Symptoms – Thirst, unusually sunken eyes/cheeks, thick mucous, dry mouth, dark yellow/amber urine, low blood pressure, high heart rate (especially noticeable when resting). Symptoms will often occur in tandem with hyperthermia.
Treatment
* Cease physical activity and find a place to rest.
* Drink 0.5L of water over the next 30mins.
* Continue drinking until fluids have been sufficiently replenished and symptoms cease
.
* Be sure to not drink too much too quickly. If you become nauseous and vomit, the situation will become much worse.
* Treat for hyperthermia as necessary.
B. Hyponatremia (water intoxication)
Defenition – Hyponatremia is the condition of having a low blood sodium concentration. This is bad because osmotic pressure will cause water to enter brain cells, causing swelling. This swelling can become severe enough to cause cerebral haemorrhage and death.

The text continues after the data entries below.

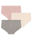 From Petit Bateau’s workshop in Troyes comes this three-pack of pointelle briefs in soft combed cotton. The fine knit feels breathable against the skin; the fitted cut sits snug at the waist with elasticated openings and a small bow detail. Colours—rose, cream, and heather grey—mix easily with everyday outfits. Layer under dresses or leggings for year-round comfort. Petit Bateau runs small; consider one size up for growing room.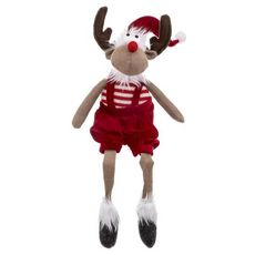 Peluche Enfant Renne Salopette Soir 52cm Rouge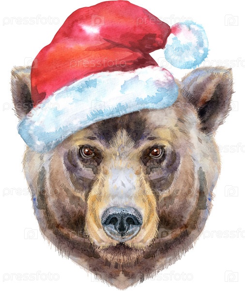 Портрет медведя в шапке Санты. Иллюстрация акварели бурого медведя. Прекрасный мир дикой природы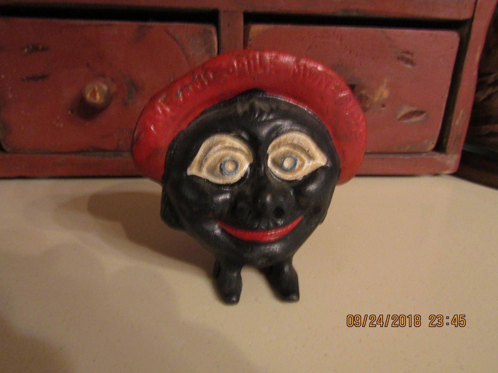 Title (ebay affiliate link): VINTAGE BLACK AMERICANA SAVE & SMILE MONEY BOX - CAST IRON BANK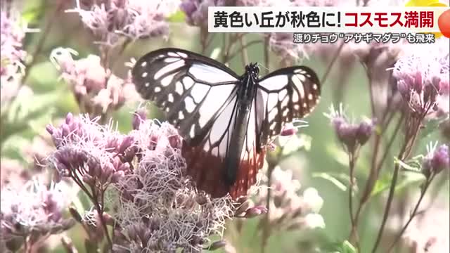 本格的な秋告げる使者・アサギマダラ飛来 伊予市の「黄色い丘」コスモス揺れ秋色に染まる【愛媛】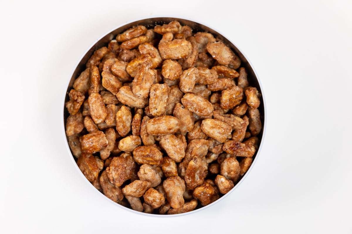 Packaged in a beautifully designed Tin, our praline-coated pecans are not only delicious but also make a thoughtful and elegant gift.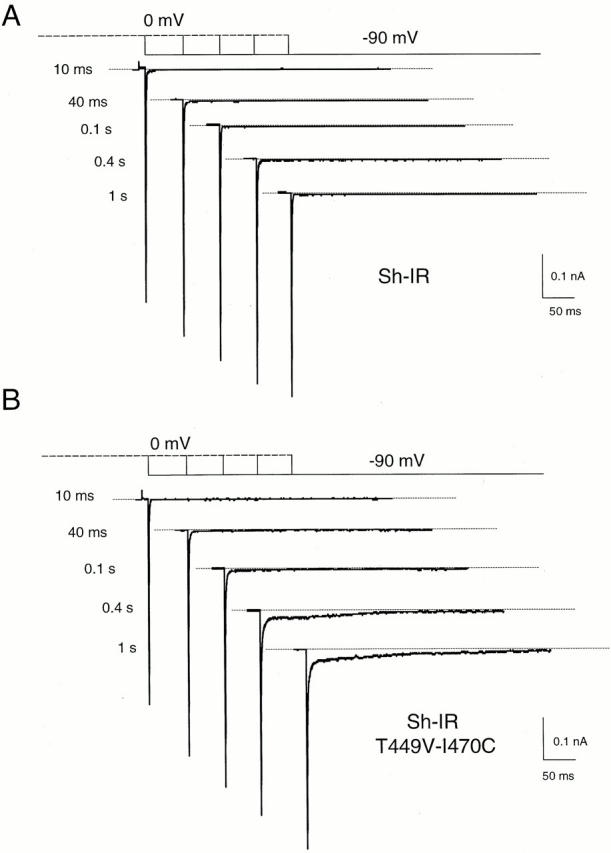 Figure 6. The deactivation rate of Sh-IR-T449V-I470C depends on the duration of depolarizations. The top panel shows K+ tail currents from an oocyte expressing Sh-IR during repolarization to −90 mV. The tail currents are recorded after depolarizations to 0 mV of increasing duration (the duration of the preceding pulse to 0 mV is shown next to the traces). Note that the duration of the conditioning depolarization does not affect the rate of deactivation. In the bottom panel, the same experiment as in A but from an oocyte expressing Sh-IR-T449V-I470C. The tail currents show the appearance of a slow component that progressively increases with pulse duration. |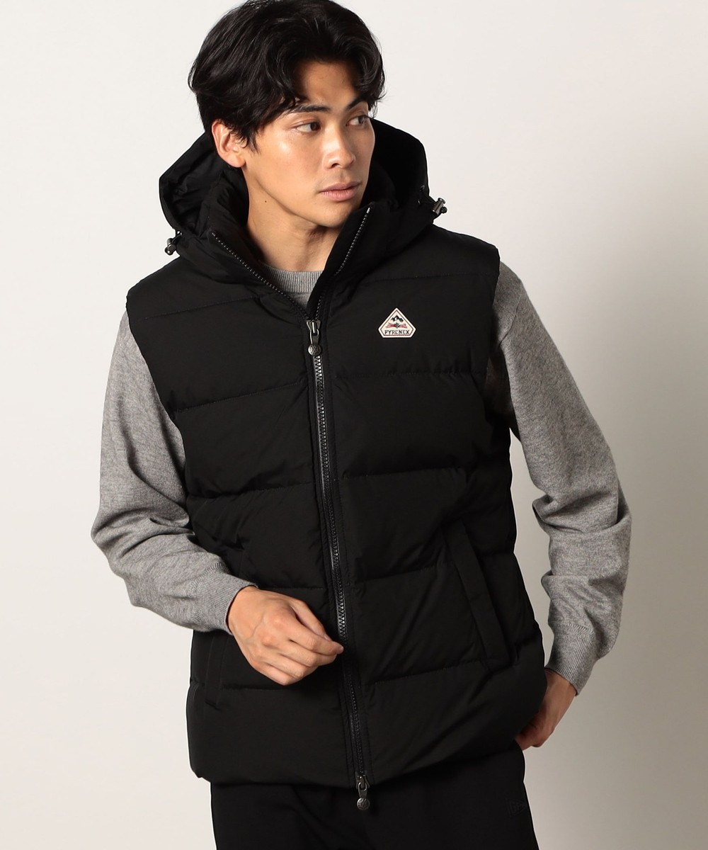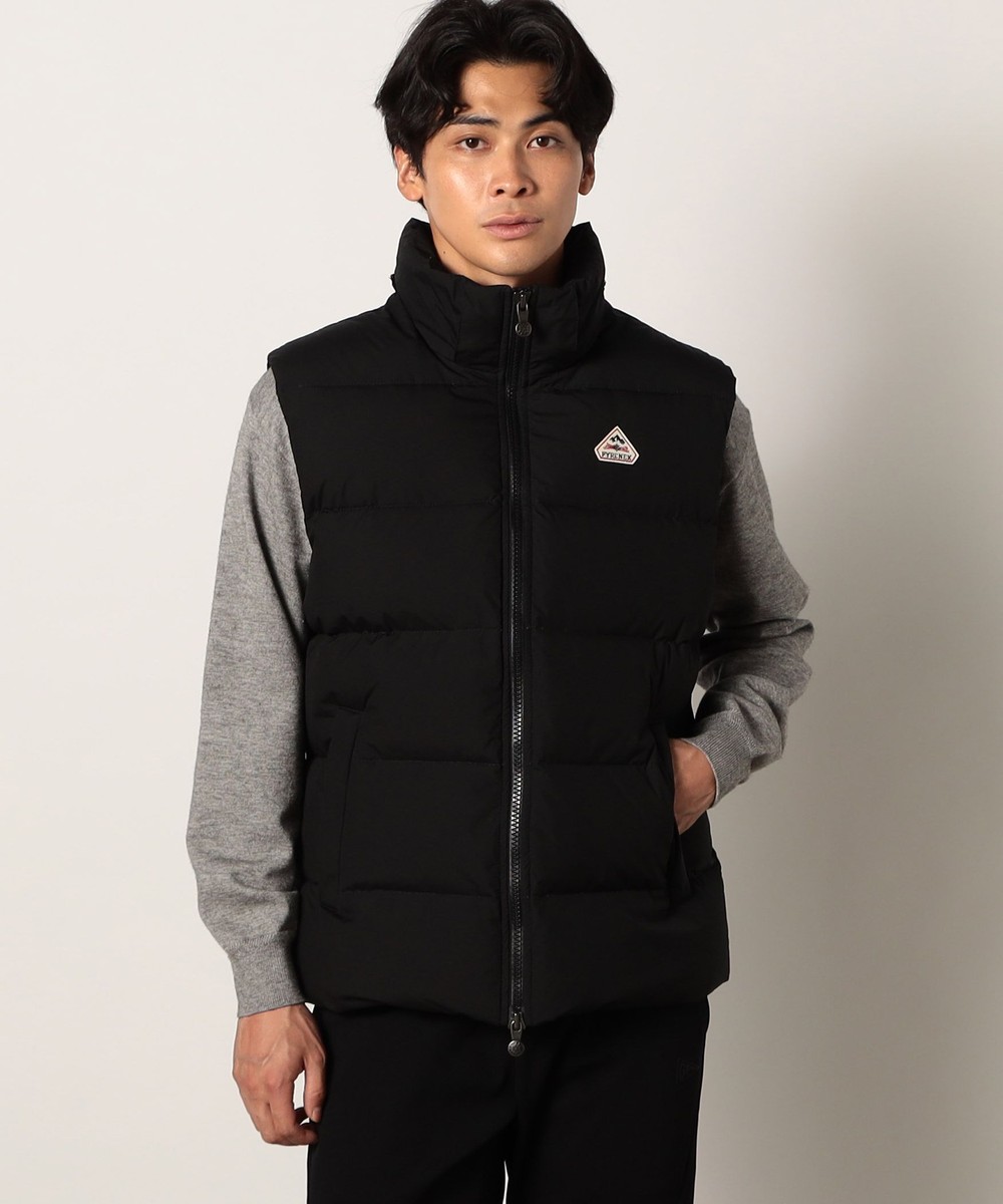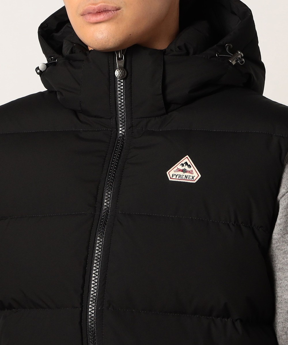 ジャケットタイプと同様に細めのピッチでキルトステッチを前面に施しシャープに仕上げたヒップレングスのベストで、フードが着脱可能なシンプルなデザインはフランス本国でもベストセラーとなっています。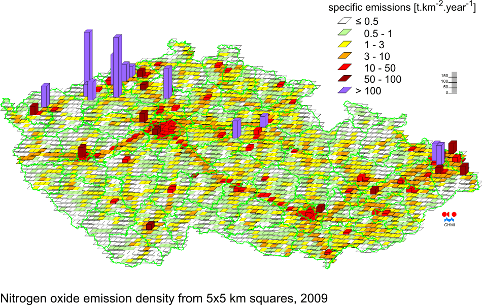 Nitrogen oxides emission density from 5x5 km squares, 2009 |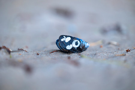 Beautiful Baltic Sea beach scenery with small shells in the sand. Sunny summer day in Latvia.

Causes – Excessive fluid intake or rapid loss of sodium. Rapid water intake in combination with excessive perspiration and/or vomiting will hasten the onset of hyponatremia.
Prevention – Consume fluids that contain sodium, or couple plain water with salty foods (crackers, pretzels, etc).
Symptoms – Muscle cramps/spasms, confusion, nausea, fatigue, pale skin, impaired response.
Treatment – For mild symptoms, consume sodium via salty foods or drinks (no, that doesn’t mean you can have a margarita).